Indice di vecchiaia: rappresenta il grado di invecchiamento di una popolazione. È il rapporto percentuale tra il numero degli ultrasessantacinquenni ed il numero dei giovani fino ai 14 anni.
Indice di ricambio della popolazione attiva: rappresenta il rapporto percentuale tra la fascia di popolazione che sta per andare in pensione (60-64 anni) e quella che sta per entrare nel mondo del lavoro (15-19 anni). La popolazione attiva è tanto più giovane quanto più l'indicatore è minore di 100.
Indice di struttura della popolazione attiva: rappresenta il grado di invecchiamento della popolazione in età lavorativa. È il rapporto percentuale tra la parte di popolazione in età lavorativa più anziana (40-64 anni) e quella più giovane (15-39 anni).
Famiglie: ai sensi dell'art. 4 del regolamento anagrafico si intende per famiglia "un insieme di persone legate da vincoli di matrimonio, parentela, affinità, adozione, tutela o da vincoli affettivi, coabitanti ed aventi dimora abituale nello stesso comune".
Convivenze: ai sensi dell'art. 5 del regolamento anagrafico si intende per convivenza "un insieme di persone normalmente coabitanti per motivi religiosi, di cura, di assistenza, militari, di pena, e simili, aventi dimora abituale nello stesso comune".
Popolazione residente nelle famiglie: numero di persone residente in famiglia.
Popolazione residente nelle convivenze: numero di persone residente in convivenza.
Numero medio di componenti per famiglia: rapporto tra la popolazione residente in famiglia ed il numero delle famiglie anagrafiche.

 

Dati rettificati:  I dati che non coincidono con quelli pubblicati precedentemente si intendono rettificati.
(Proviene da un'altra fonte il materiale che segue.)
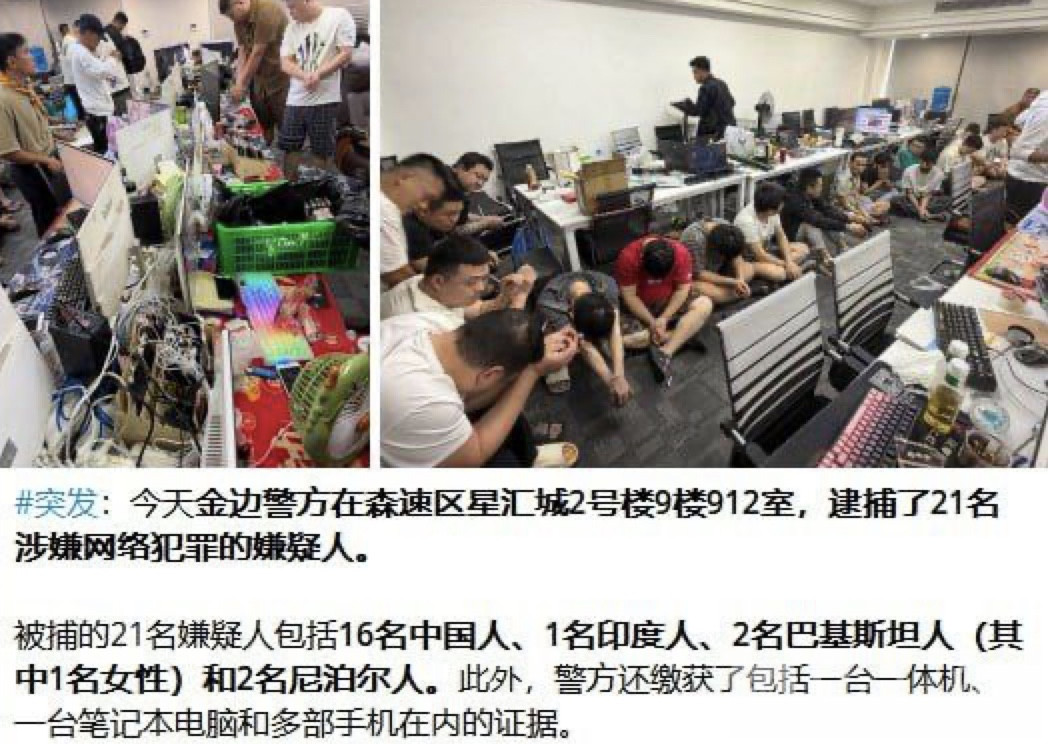 据悉,2月25日下午,在金边警察局长尊那林指挥部署下,警方重点突查了星汇城2号楼9层的912室、910室,以及4号楼822室,当场控制21名网络诈骗犯罪嫌疑人。其中16人为中国籍,另外5人包括2名尼泊尔人、2名巴基斯坦人和1名印度人。

Utilizzo dei dati: È consentito avvalersi dei dati, purché ne sia indicata chiaramente la fonte.

Fonti

Provincia di Prato: Comuni di Cantagallo, Carmignano, Montemurlo, Poggio a Caiano, Vaiano, Vernio.

Quando non è diversamente indicata la fonte, i dati si riferiscono a rilevazioni eseguite direttamente dagli uffici comunali: 

  • Comune di Prato – elaborazioni Ufficio Statistica su Certificati anagrafici.